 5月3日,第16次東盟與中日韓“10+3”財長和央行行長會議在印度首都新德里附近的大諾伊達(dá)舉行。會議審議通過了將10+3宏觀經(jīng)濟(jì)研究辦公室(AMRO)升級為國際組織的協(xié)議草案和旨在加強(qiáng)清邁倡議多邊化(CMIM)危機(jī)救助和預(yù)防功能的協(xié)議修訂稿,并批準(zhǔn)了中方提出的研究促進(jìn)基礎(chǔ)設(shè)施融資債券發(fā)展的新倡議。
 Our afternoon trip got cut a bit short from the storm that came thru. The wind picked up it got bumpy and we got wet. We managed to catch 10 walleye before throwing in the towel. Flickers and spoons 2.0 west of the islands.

● ● ●

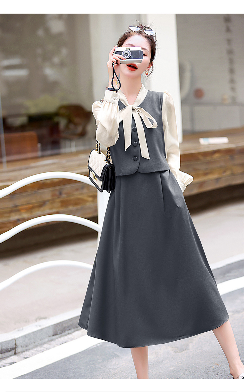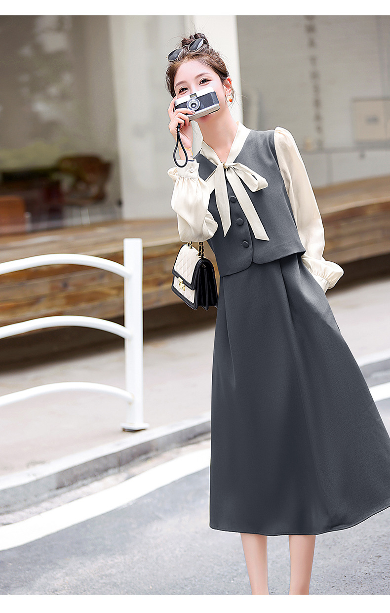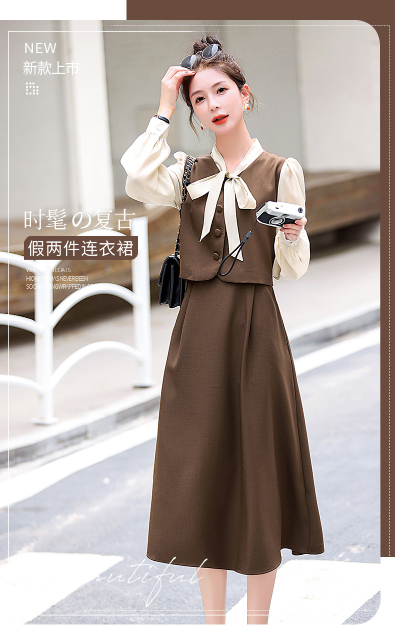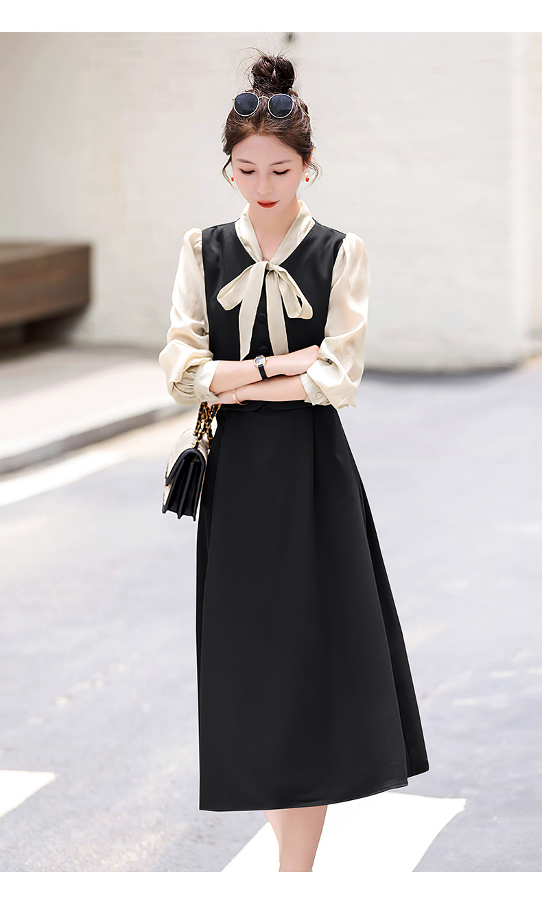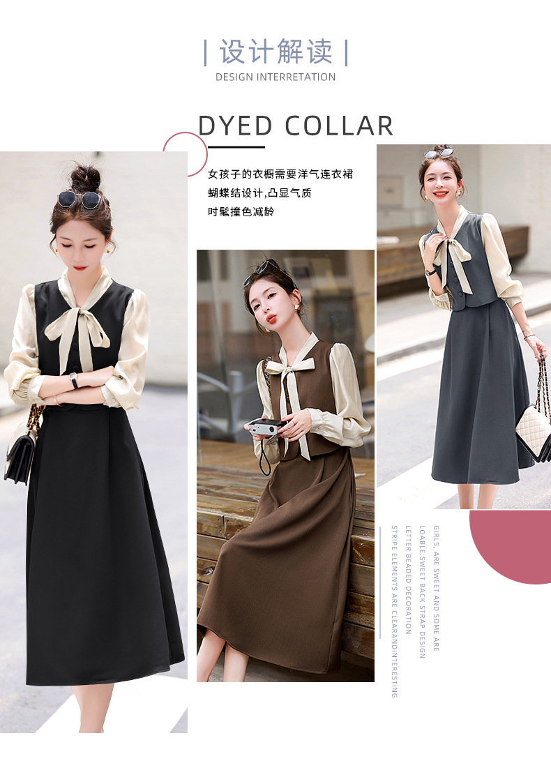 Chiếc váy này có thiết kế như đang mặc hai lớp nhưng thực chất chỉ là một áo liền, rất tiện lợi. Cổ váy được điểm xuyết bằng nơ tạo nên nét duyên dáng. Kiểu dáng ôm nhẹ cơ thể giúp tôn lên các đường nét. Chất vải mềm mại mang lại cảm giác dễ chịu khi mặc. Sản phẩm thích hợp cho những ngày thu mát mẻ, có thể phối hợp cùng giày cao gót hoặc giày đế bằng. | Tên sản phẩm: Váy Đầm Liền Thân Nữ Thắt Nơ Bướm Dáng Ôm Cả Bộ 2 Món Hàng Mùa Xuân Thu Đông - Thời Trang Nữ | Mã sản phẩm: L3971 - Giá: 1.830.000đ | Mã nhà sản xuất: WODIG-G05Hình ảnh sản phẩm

● ● ●

Look above for the line with "5月3日,第16次東盟與中日"; retype exactly that line, every line after it up to the line with "Our afternoon trip", and that line too, nothing else.

 5月3日,第16次東盟與中日韓“10+3”財長和央行行長會議在印度首都新德里附近的大諾伊達(dá)舉行。會議審議通過了將10+3宏觀經(jīng)濟(jì)研究辦公室(AMRO)升級為國際組織的協(xié)議草案和旨在加強(qiáng)清邁倡議多邊化(CMIM)危機(jī)救助和預(yù)防功能的協(xié)議修訂稿,并批準(zhǔn)了中方提出的研究促進(jìn)基礎(chǔ)設(shè)施融資債券發(fā)展的新倡議。
 Our afternoon trip got cut a bit short from the storm that came thru. The wind picked up it got bumpy and we got wet. We managed to catch 10 walleye before throwing in the towel. Flickers and spoons 2.0 west of the islands.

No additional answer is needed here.